永岡 文庸氏 fumiyou nagaoka
法政大学経済学部教授

経団連会長の石坂泰三氏が並み居る大企業トップに熱弁を振るっている。「石油の一滴は、血の一滴。日本は石油のために、世界を相手に戦争したんじゃないのか」。

敗戦から10年後の約60年前の話だ。リスクの高い日の丸油田のアラビア石油への出資を渋る財界人を叱咤し、説得しているのだ。説得は功を奏した。実は石坂氏も個人で出資、もし一発でカフジ油田が当たらなければ破産していたとの落ちがついている。

そんな経済人の熱気も今は昔の話。石坂氏ら経済界の主流を占めた「資源派財界人」という言葉はとっくに死語になっている。市場にまかせろ、アメリカに歯向かうな。こんな風潮の中で、日本のエネルギー戦略は空洞化していった。

その中で唯一の戦略が、70年代の石油危機後に始まる「脱石油(中東)」の原子力政策だったはずだ。米国の猛反対を外交交渉で説得した核燃料サイクル策も含め、日本の国益だった。メディアが「原子力村」をどのように検証しても、当時そしてその後の世界情勢の中で、原発推進は、国益が故の決断だった事実は動かない。

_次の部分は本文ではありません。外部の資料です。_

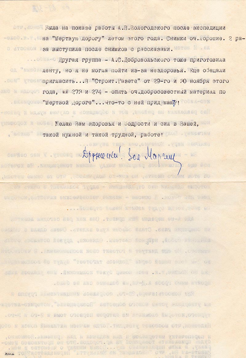 Другая группа – А. С. Добровольского тоже приготовила ленту, но я не могла пойти из-за нездоровья. Еще обещали пригласить… В «Строит. Газете» от 29-го и 30 ноября этого года, №273 и 274 – опять оч. добросовестный материал по «Мертвой дороге»… Что-то с ней придумают?!
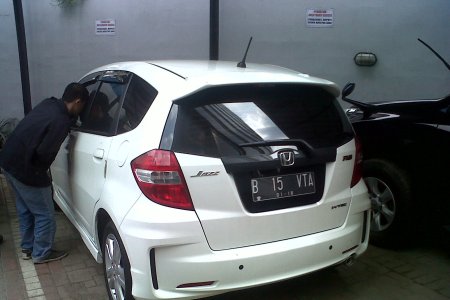 Seseorang tengah mengintip mobil sitaan Komisi Pemberantasan Korupsi (KPK) yang disita terkait kasus impor daging sapi. Mobil honda Jazz dengan pelat B 15 VTA ini diketahui di bawah penguasaan Vitalia Shesa, model yang menjadi saksi untuk kasus Ahmad Fatanah. MUHAMMAD Q RUSYDAN/RMOL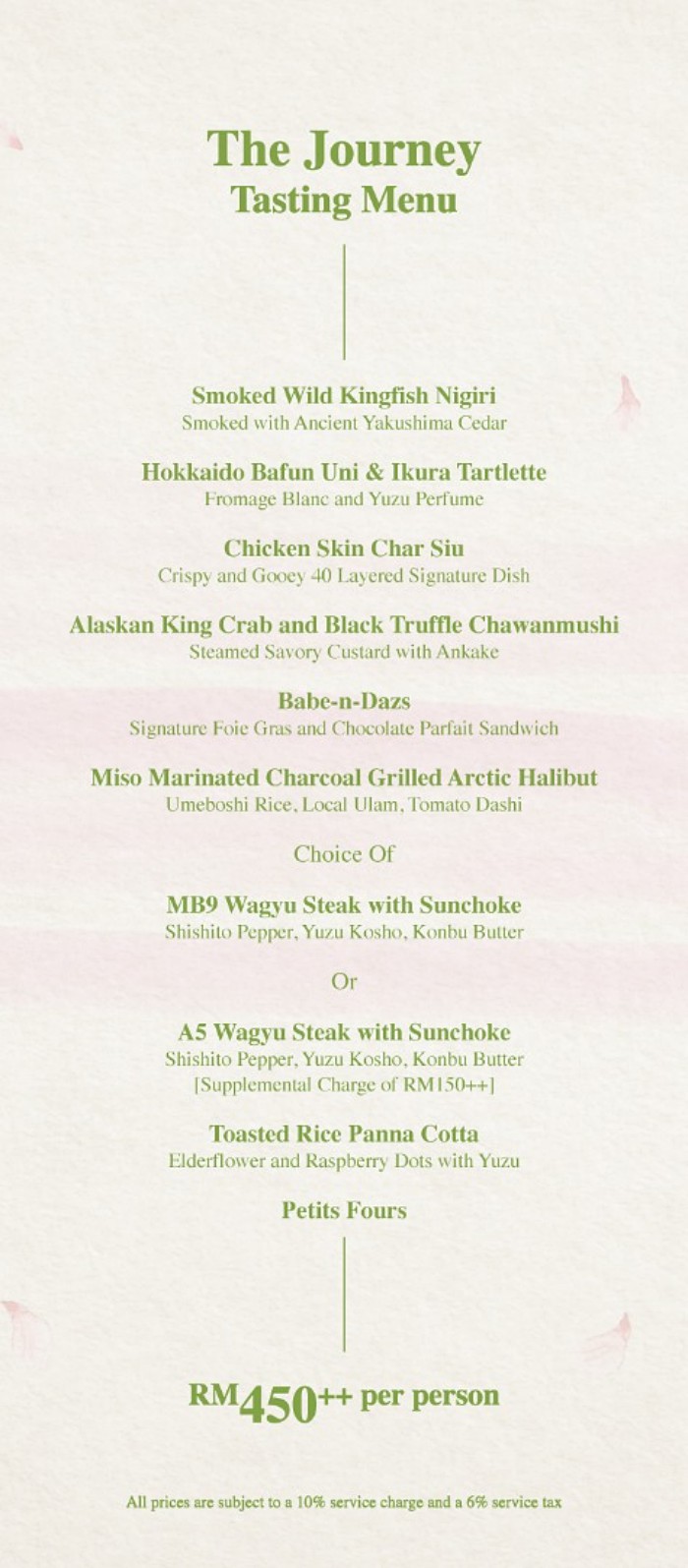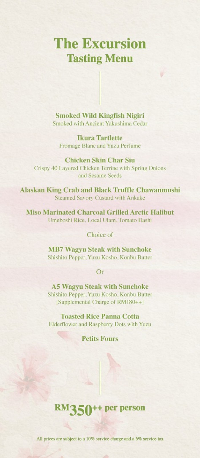 A deposit of RM100 per person is required upon reservation for group reservations of 9 persons and above. Deposit amount will be deducted from the total bill. Payment will only be refunded if cancellation were made more than 24 hours prior to your reservation. Payment will be forfeited if cancellation were made within 24 hours prior to your reservation. Kindly to be informed that, refund amount will be deducted 5% processing fees.

反省は必要だ。決断への後悔もいい。だけど糾弾する資格がメディアにあるのか。

「もし現在が過去を裁判するなら、未来が失われるだろう」と喝破したのは、ウィンストン・チャーチルだ。過去の誤りを是正し、恐るべき未来を抑制できることを願う、と続く。

恐るべき未来は、もう現実だ。電気料金の高騰、工場やデータセンターの海外移転、石油・ガスの輸入増による貿易収支の赤字拡大。国際外交の最重要課題の地球温暖化対策へのゼロ回答。原発停止で、弱い日本の外交力の切り札や信用がなくなってしまった。

日本は技術力とそれに伴う経済力がなければ世界に相手にされない。より安全な原発開発と対策と再生エネルギーの技術。危機をバネに日本は世界の先頭を走っている。

さらに、企業の省エネ技術を加えれば恐るべき未来を抑制できる。昨年末の政権交代で、現実的な是正が出来なければ「血の一滴」の悪夢がよみがえる。